Cosmic Backyard’s Delayed Christmas Calendar 2017 //
Cosmic Journey:
Christmas Corner Part 19

Self-Worth and Herbs.

I breathe in slowly, close my eyes and try to focus on the task. As I breathe, I work hard with keeping my hands steady, breathing in warmth through them, out to this individual on the floor. I must remember how to breathe in, to choose the way of breathing. As I feel the air filling my lungs, I get the sensation of relaxing. My hands are warm, and the connection between this person lying there and me is tied up with threads of energy.

Then, I peek. I look at the two others who are sitting there, consumed by their concentration. I feel how they are centered – their mere presence makes me calm and content. That is when it hits me – I do not belong here – I am not good enough for this task – I am not enough.

The patient gasps, his eyes open, it looks like he is in great pain. The other two wake up from their trance – they look at him, comfort and keep him down and steady – but I, I want to withdraw my hands. Something keeps me in place, though. This feeling of not wanting to abandon me again. I have done that so many times before, each time more painful than the other – but I can change, and I want it to be different from now on. I know I cannot keep too big promises as I am a mere human being – but I can have the will and the true wish of wanting to change.

The picture dissolves. The temple is gone, so is the patient and the other two Therapists. I am left kneeling on a field of grass, summer wind touches my hair, sun laughs at my skin. I have a yellow dress, I want to stand up, but instead, I let myself fall to the ground – My face rests in the grass straws, some flowers, a couple that I have seen before – others not. I smell, I let my hands and fingers dig into the soil and roots, I release out a relieved sigh as I feel that I belong.

When I roll around to face the sky and its answers, I see the last therapist stand there, looking down at me with a smile. I get up. In his hands, I can see several plants – or herbs – peeking up from his fingers.

“It is good to have decided to want to change. The question is: what to do next? Not to get caught up in that question forever – just for a little while.”

He hands me the herbs, and as I feel their consistency within my hands, the landscape changes once again.
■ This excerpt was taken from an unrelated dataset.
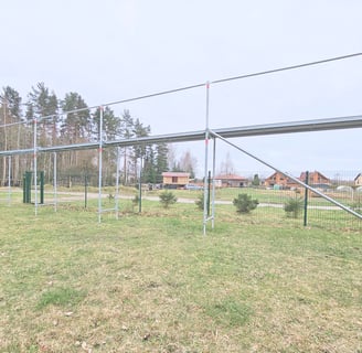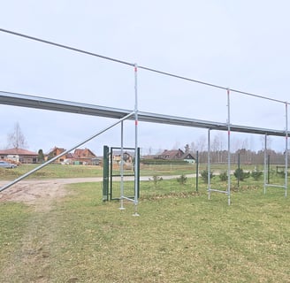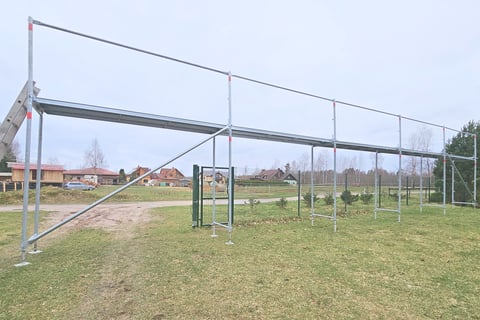 New galvanized steel scaffolding, manufacturer 'Plettac'.
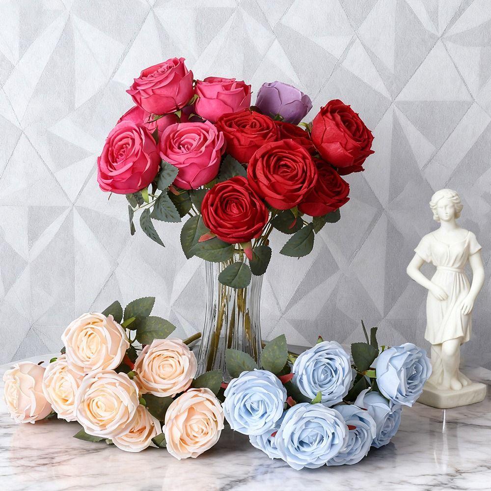 Multicolor Artifcial Rose Flower 7 Heads Photo Props Simulation Rose Flower DIY Green Leaves Faux Flower Rose Party Supplies

Now, I sit on a roof, made out of glass. I can see my own Cosmic Backyard from here – my cozy fireplace, the observatory, the alien herbarium at the very beginning of the guiding tour… Those three herbs sparkle in a way, I have to pick them up and study them. Three different shapes, characteristics. While one is transparent, the other is light red, and the third is more of a purple color.

As I study the herbs in my hands, I notice that someone is looking at me from the antique living room. I can see that it is my very old alien guide and great friend – T’lar.